On the industry front, we continue to see capital flowing in — Bain Capital Venture filed to create crypto-focused fund, months after announcing a $1.3bn in fresh funds to invest in startups, and Dan Tapiero’s 10T Fund announced raising of $750mio with focus on building a portfolio of companies in the digital asset ecosystem, with Alan Howard amongst the fund’s biggest backers. Following foray into NFT by Visa earlier this month, Mastercard also aped into crypto, but by acquiring CipherTrace to enhance crypto capabilities as part of its digital assets strategy. Mastercard has existing partnerships with the likes of Gemini, BitPay and Uphold.

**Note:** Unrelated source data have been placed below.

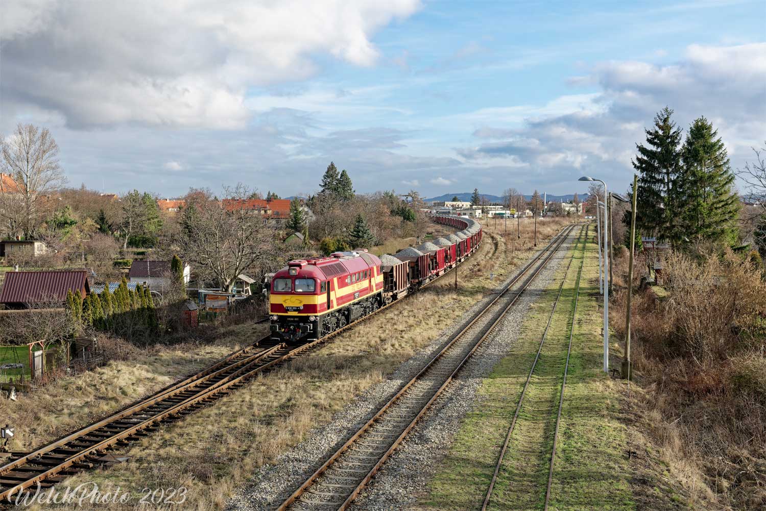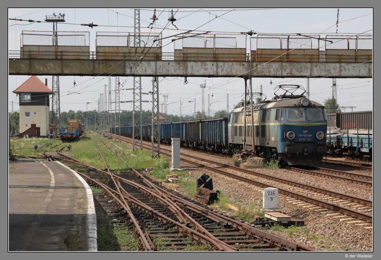 km 236,9 in Jaworzyna Śląska (Königszelt) - ET22-1161 am Schluss eines Leerkohlenzuges
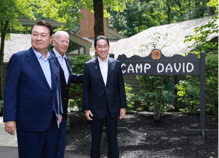 Prime Minister Kishida (right), President Biden and President Yoon attend the Japan-US-ROK summit held at Camp David on
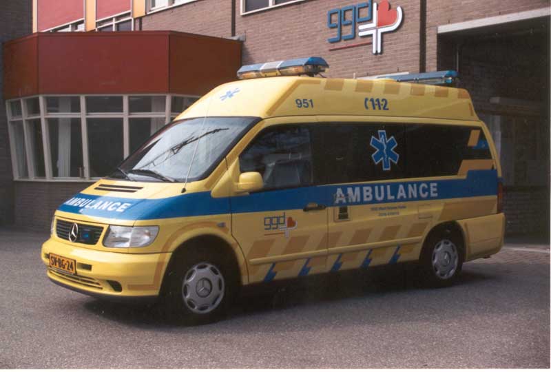 Fin 2004, la première Mercedes-ambulance de type Visser 4 en service aux Pays-Bas.
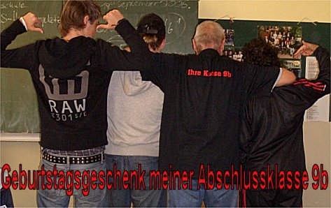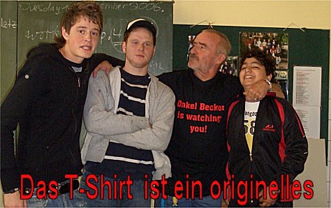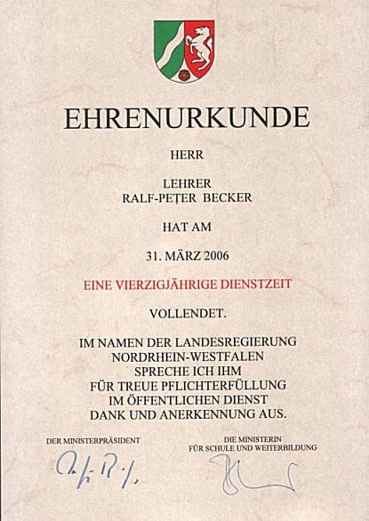 Als Lehrer war ich ein Dinosaurier an einer aussterbenden Schulform, der Hauptschule! Mir machte der Beruf meistens Spaß, und das seit 1968.... ( Jahr der "Gründung" der HS in NRW) : das waren schließlich über 40 Jahre "Öffentlicher Dienst", besiegelt durch eine Urkunde, die ich allerdings selber anfordern mußte. Doch was sind 40 Jahre "Öffentlicher Dienst" ( 32 Jahre davon an der "Montessori - Hauptschule Hermannplatz" in Düsseldorf ) - gegen einen Sympathiebeweis von jungen Menschen in Form eines so originellen Geschenkes - in Form eines T-shirts - wie abgebildet, das mir meine Abschlußklasse schenkte. Für mich: viel mehr wert als jede Urkunde! Im Jahre 2007 "hatte ich dann fertig". Ich trat in den freiwilligen vorzeitigen Ruhestand nach 44,23 :-) Jahren Dienst am Staat. Meine Lieblingsfächer waren Musik und Physik. Ich selbst spiele bis heute privat so ab und zu in der Öffentlichkeit: Repertoir von 1955 bis 2000. Durch die Bundeswehr und auch die Physik bin ich u.a. zum Amateurfunk gekommen, den ich seit 1977 als Hobby und auch Schulfach betrieben habe. Ich hoffe, daß ich in all den Jahren doch hin und wieder besser gewesen bin als viele "meiner Lehrer": schließlich war dieses Ziel Grund für mich, den Beruf zu ergreifen. Etwas neugierig geworden???? Dann weiter!!!! |
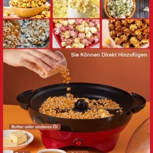 FOHERE-Home Popcornmaschine, 5,5 L Popcornmaschine mit Zucker, Öl, Butter, Antihaftbeschichtung und abnehmbarer Heizfläche, leise und schnell, großer Deckel als Servierschale
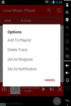 Love Music Player Feature : - Read all music track file from your internal/external storage - Create/Add Playlist - Set Ringtone - Delete Track - Set as Notification

On the macro side, major indices retreated over shortened trading week, with S&P 500 logging its first 5-day losing streak since mid-February. Although the actual number is a less little over 1% off record highs, the market narrative can change fast with trifecta of global growth concerns (previous week’s significant August payrolls miss + delta variant, supply chain concerns), central banks and governments lifting their gas pedals (fading Fed and government stimulus), continued inflation fears (Friday’s August PPI number + 0.7% vs. Est. 0.6% + record 10.93mio JOLTS job openings).

(Sep 13, 2021, Top 5 Crypto KPI)

What is Happening?

Senator Elizabeth Warren likened crypto as the “new shadow bank”, saying crypto (probably DeFi) provides many of the same services as TradFi system, but without the consumer protections or financial stability. Back in July, Warren called for a coordinated and cohesive regulatory strategy to mitigate the growing risks that cryptocurrencies pose to the financial system.

SEC threatens to sue Coinbase over its proposed crypto lending program “Lend” as it considers Lend to involve a security. Coinbase’s CEO Brian Armstrong took to Twitter to express frustration with the SEC as it did not provide any reasoning to their decisions. Aside from the not-so-surprising opacity of the regulators, it raises another concern of whether such clampdown is a bellweather for other US-based lending platforms, such as BlockFi, that already had beef with state securities regulators. On the other hand, it could prove beneficial to Celcius and Nexo (not US-based), which have been offering especially competitive rates. Overall, the current regime seems pretty hostile to crypto (as former CFTC comissioner Brian Quintenz who joined a16z Crypto as an advisory partner mentioned in the latest Bankless podcast), and we expect more incoming FUD.

Conclusion

Nothing much has changed since last week, with bulk of the focus on L1s and liquidity incentives. We continue to prefer to not chase rallies at extended prices (especially on $SOL for now, given the 60% drop in reward emission on $SUNNY today), and would rather seek for opportunities in either quality projects or obscure chains/projects.

Good Luck!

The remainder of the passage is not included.